Guest opinion
Salzman: For women, pandemic-driven change carries added risk
In recent months, I have been asked often — including during virtual events hosted by the Financial Times and The Hill — if there are emerging trends that I view as either positive or negative for women.
This is a topic I have thought, talked, and written about for years — but I find that, amid this global pandemic and continued economic and social upheaval, the forces shaping women's lives today are even more numerous, complex, and essential to understand.
My main concern for women right now is this: With so many adults now working remotely and so many children being schooled from home, it is clear that many women are being compelled to take on a disproportionate share of new household responsibilities driven by the pandemic, and to do so at the expense of their careers. In September, an estimated 865,000 American women dropped out of the labor force — four times more than the number of men who did so. Worse still, McKinsey's newly released Women in the Workplace report indicates that more than one in four women in the U.S. are contemplating downshifting their careers or leaving the workforce entirely — a possibility the consultancy characterizes as "an emergency for corporate America."
This backward slide threatens to erase much of the progress women have made in recent decades. Are we ready to accept a future that looks like the not-so-distant past, where for most heteronormative nuclear families, the man is expected to prioritize a career that makes him the chief breadwinner and the woman is expected to run the household, including the children's education and care, while simultaneously working a job that is viewed as less important?
At home, at work, and in the broader public discourse, we need to start talking more about this dynamic, which could leave an entire generation of women disadvantaged if it is not addressed. While it is clear that our experience of living with COVID-19 is likely to usher in significant long-term changes in the way we live and work, those changes should not be permitted to come disproportionately at the expense of women. Spouses/partners have an obvious role to play in addressing this trend head-on, as do employers and society in general.
There is reason for optimism. Yes, months of lockdowns, social distancing and travel restrictions have been disruptive to our work and school schedules. It has been an adjustment even for those lucky enough to have remained employed. But the long-term consequence may be that women and men alike are afforded greater flexibility by their employers to perform their jobs and further their careers in a way that better meshes with the responsibilities of raising children and running a household.
In other words, the traditional workday has died; COVID killed it.
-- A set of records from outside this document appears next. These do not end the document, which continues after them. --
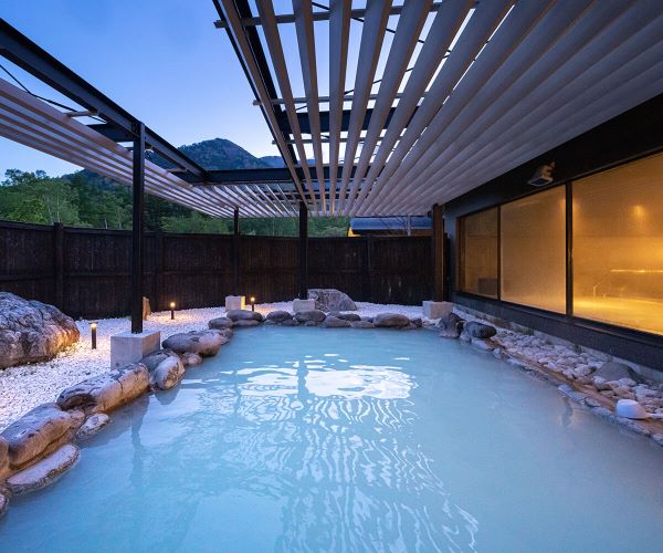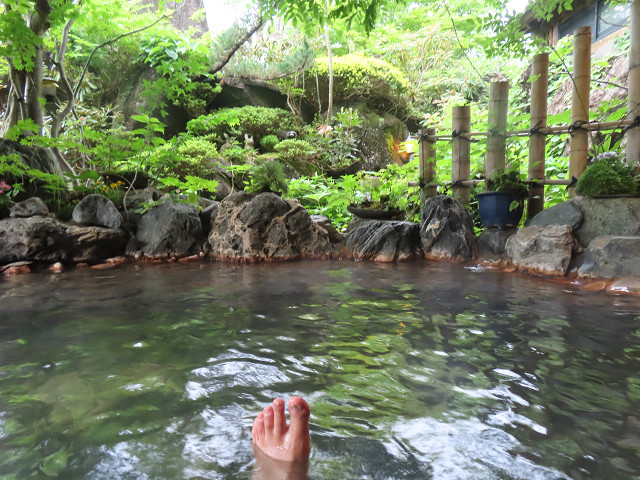 露天風呂は10人ほどが入れる大きさで丁度団体客が入っていたので芋洗い状態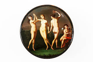 Runde Dose mit den drei unbekleideten Grazien beim Tanz im Freien, denen von Amor zum Tanz aufgespielt wird. Malerei nach einer Vorlage von Angelika Kauffmann (1741-1807).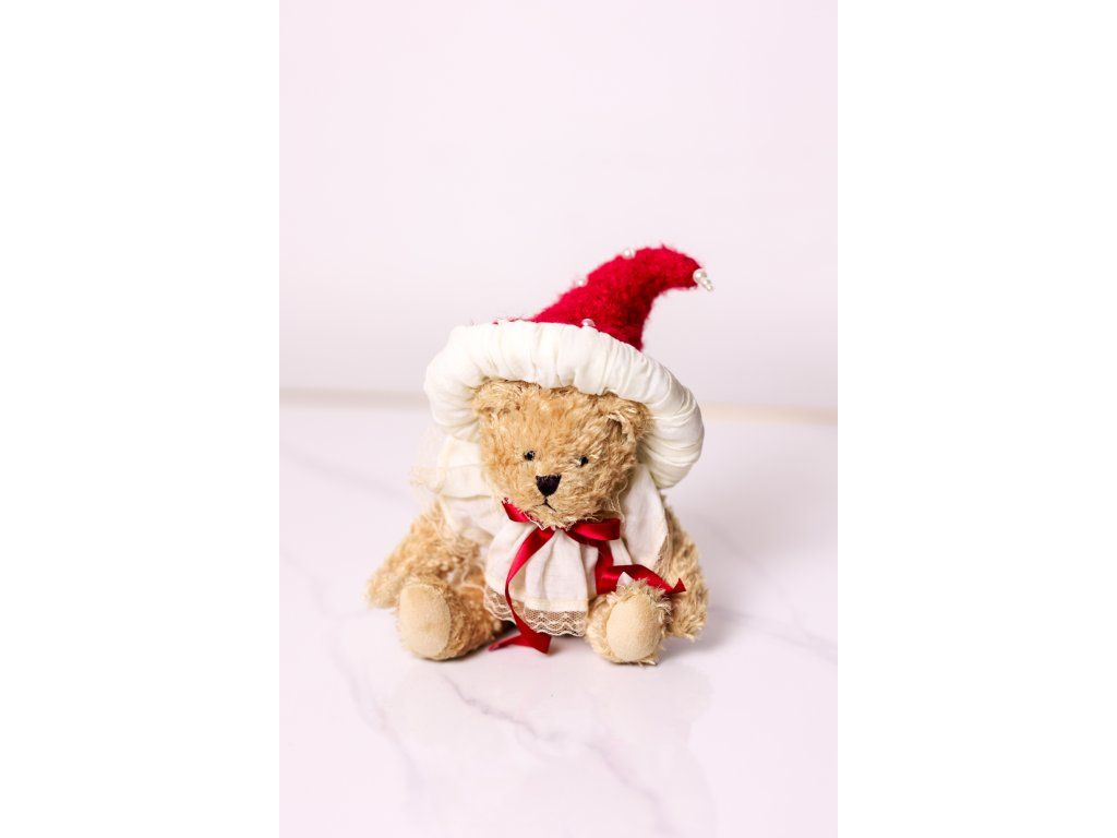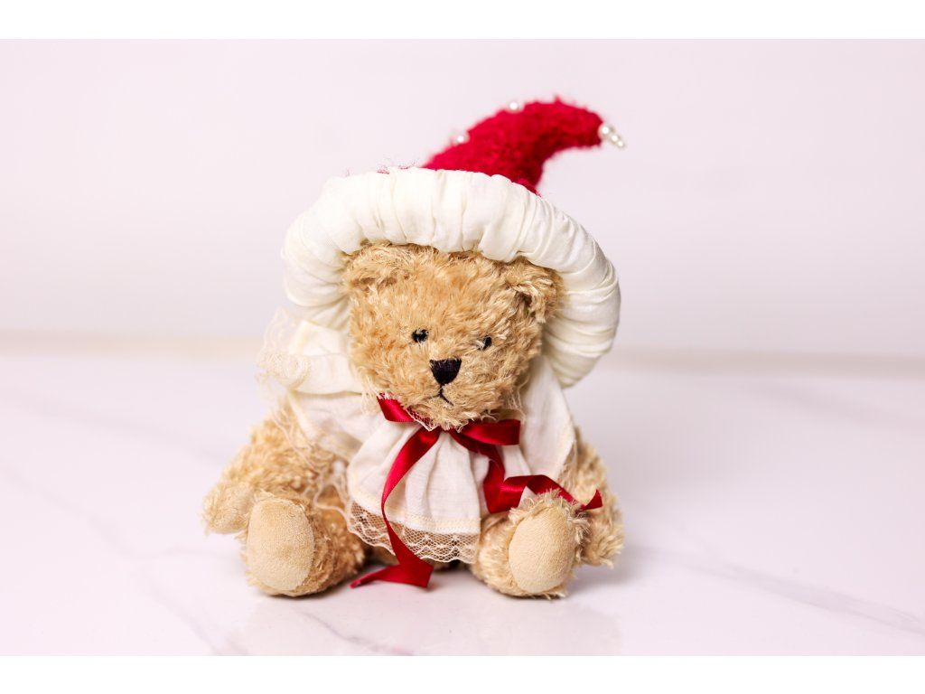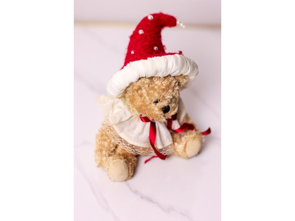 Plyšový medvídek v červeném kloboučku připomínající lesní mochomůrku.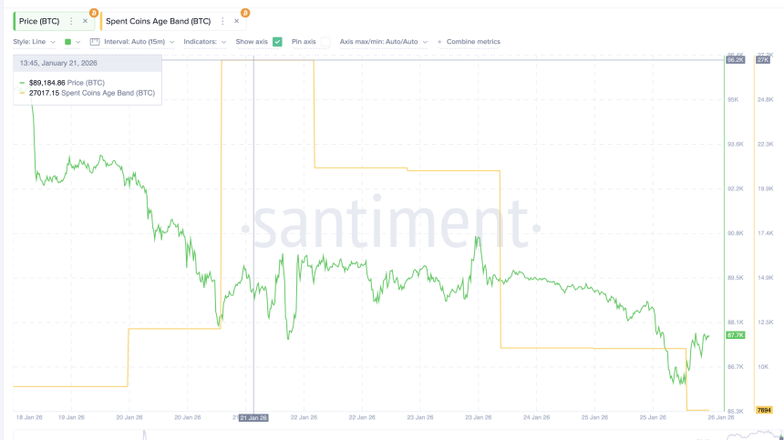 The Spent Coins Age Band, which tracks how many coins of all holding ages are being moved on-chain, has dropped sharply. Coin movement fell from roughly 27,000 to almost 7,690, a decline of about 72%. When fewer coins move, it usually means fewer holders are selling. This aligns closely with the RSI signal and explains why the Bitcoin price bounced rather than breaking down immediately.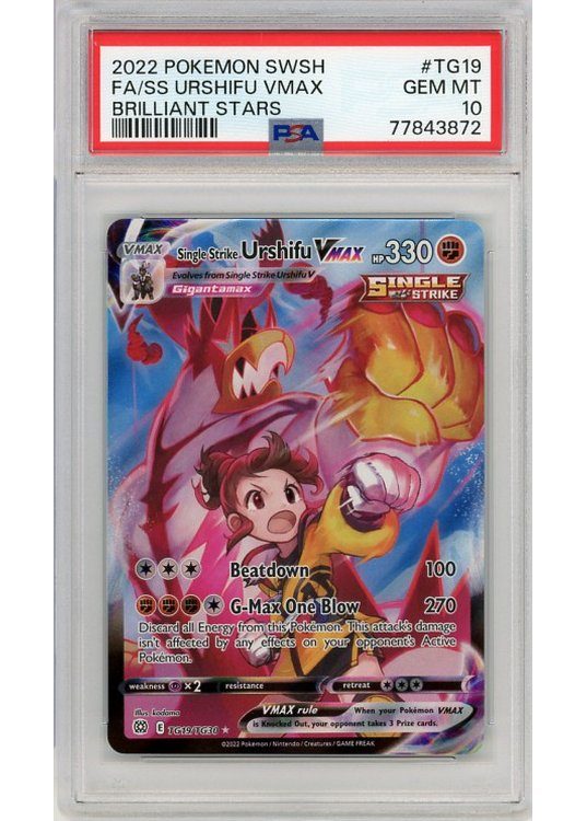 Single Strike Urshifu VMAX – TG19/TG30 – PSA 10 fra SWSH Brilliant Stars serien.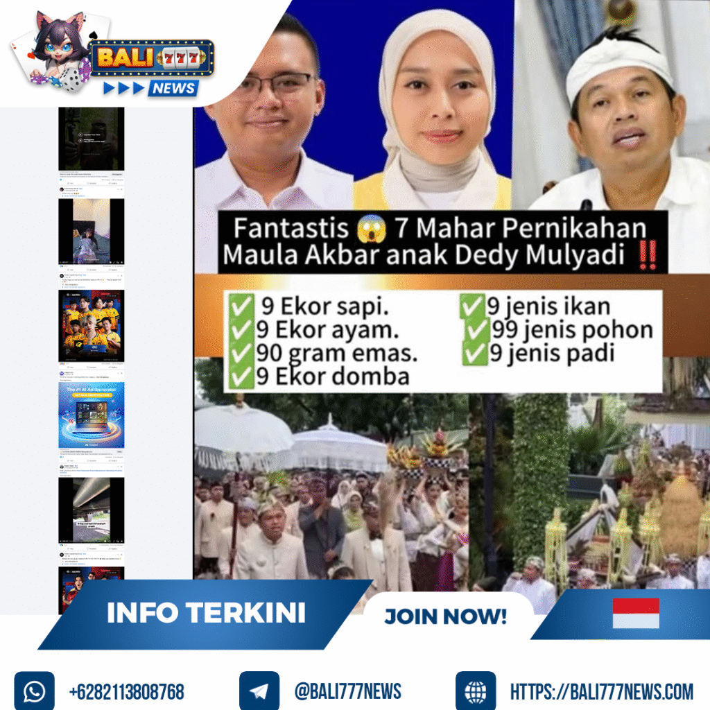 Pernikahan Maula Akbar, putra Deddy Mulyadi, menjadi sorotan karena mahar fantastis yang mencakup 9 ekor sapi, 99 jenis pohon, dan berbagai barang lainnya. Acara ini juga menjadi bukti bahwa tradisi dan budaya lokal masih dipertahankan dalam momen-momen spesial seperti pernikahan. Meski kontroversi atau pertanyaan muncul, pernikahan ini tetap menjadi momen istimewa bagi keluarga dan kerabat terdekat.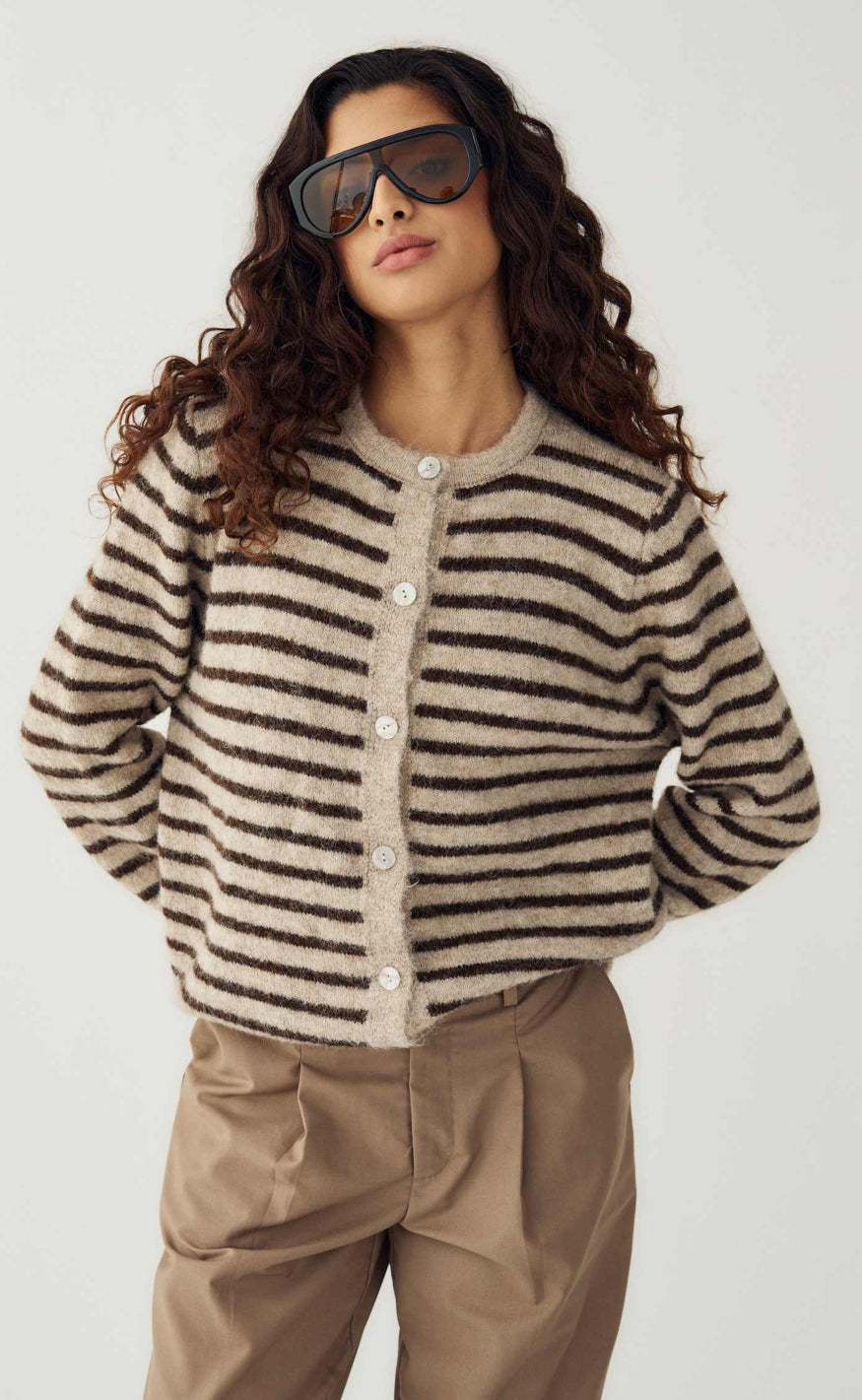 Noella Cardigan - Mertice - Brown Sand Stripe
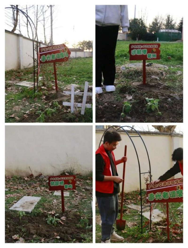 活动中,同学们认真学习种植向日葵的方法,并合力将园区种植围栏装设起来。在指定园区准备好的土壤中,大家用手指或小铲子挖出2 - 3厘米深的小坑,将种子尖部朝下放入坑中,在每个坑中放入种子,然后轻轻覆盖一层薄土。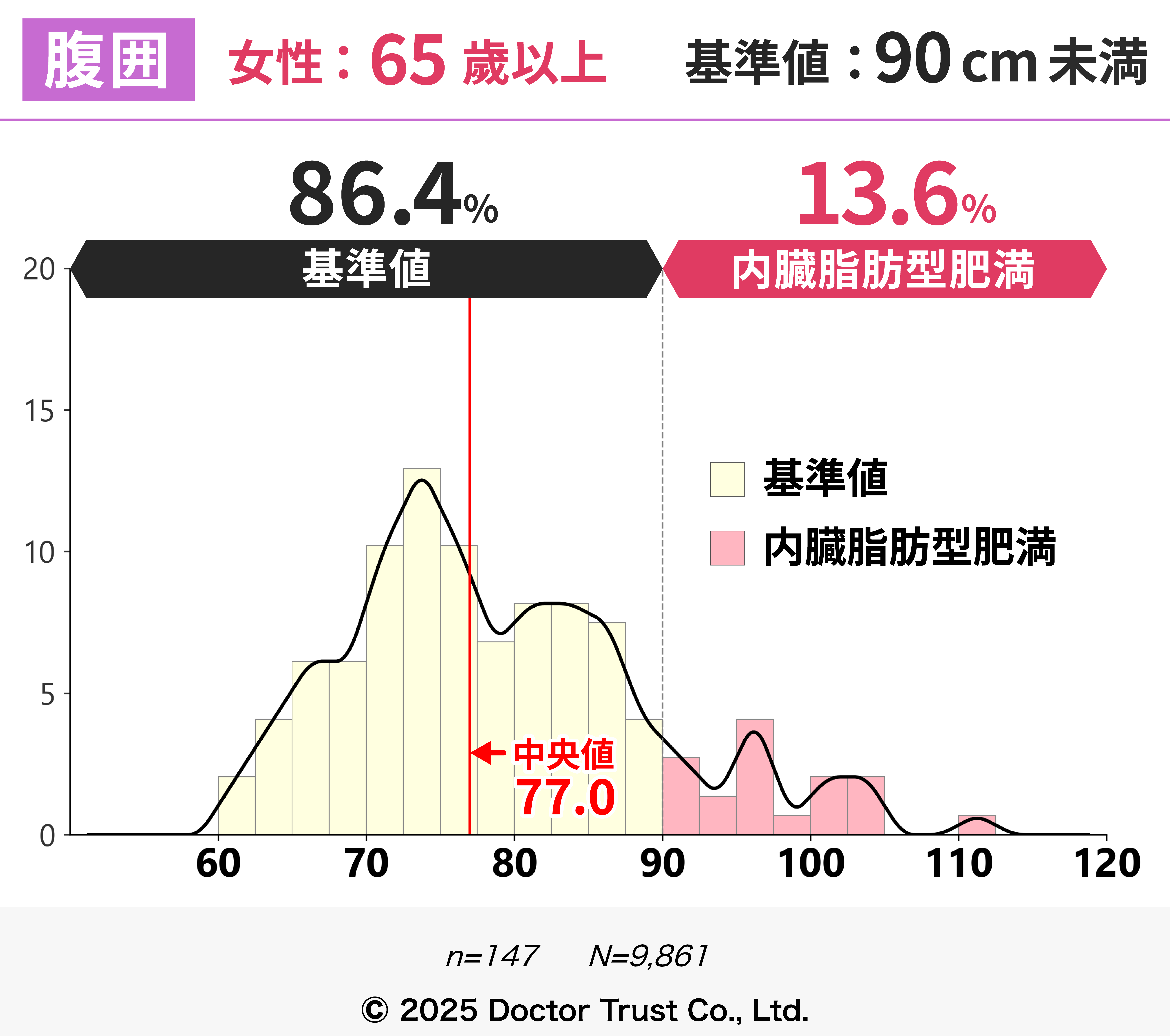 臍の高さの腹囲を測ります。内臓脂肪の量を推定する指標とされます。女性は皮下脂肪があるため、男性よりも5cm基準が高くなっています。
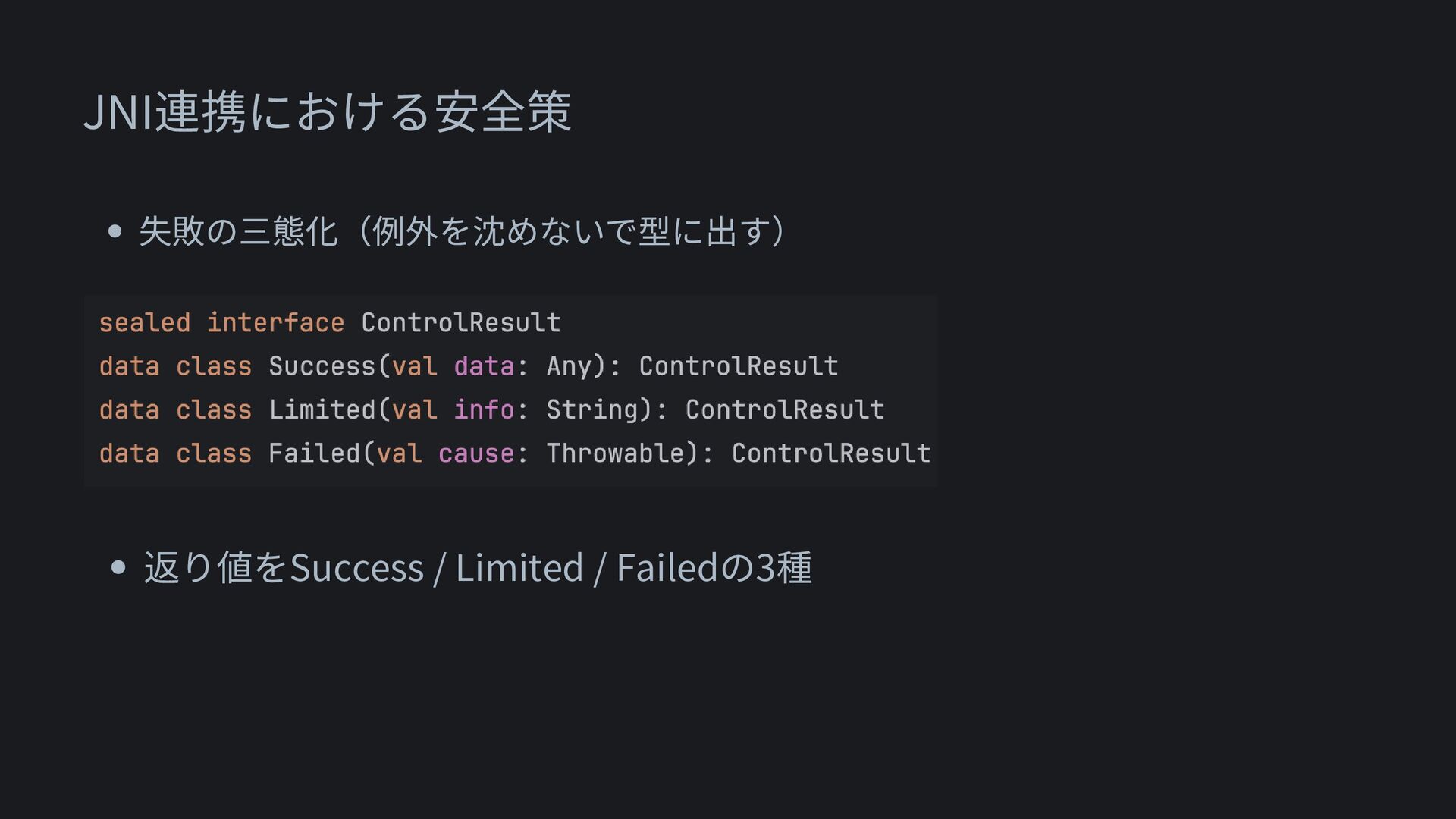 JNI連携における安全策 • 失敗の三態化(例外を沈めないで型に出す) • 返り値を3種に • Success: 想定した挙動 • Limited:

If the question is no longer, "How can I juggle these incompatible responsibilities within a traditional workday?" but "How can I perform my job responsibilities as effectively as possible on my own schedule?" working parents will have an opportunity to distribute responsibilities more equitably, to the benefit of all. That would be much-needed good news for all of us, women in particular.
Marian Salzman is senior vice president, global communications at Philip Morris International. She has been named one of the world’s top five trendspotters and is among the world’s most-awarded public relations executives. She continues to consider Two Bird Ranch on the East Side her home and was chair of Tucson Values Teachers for two years, from 2014-2016.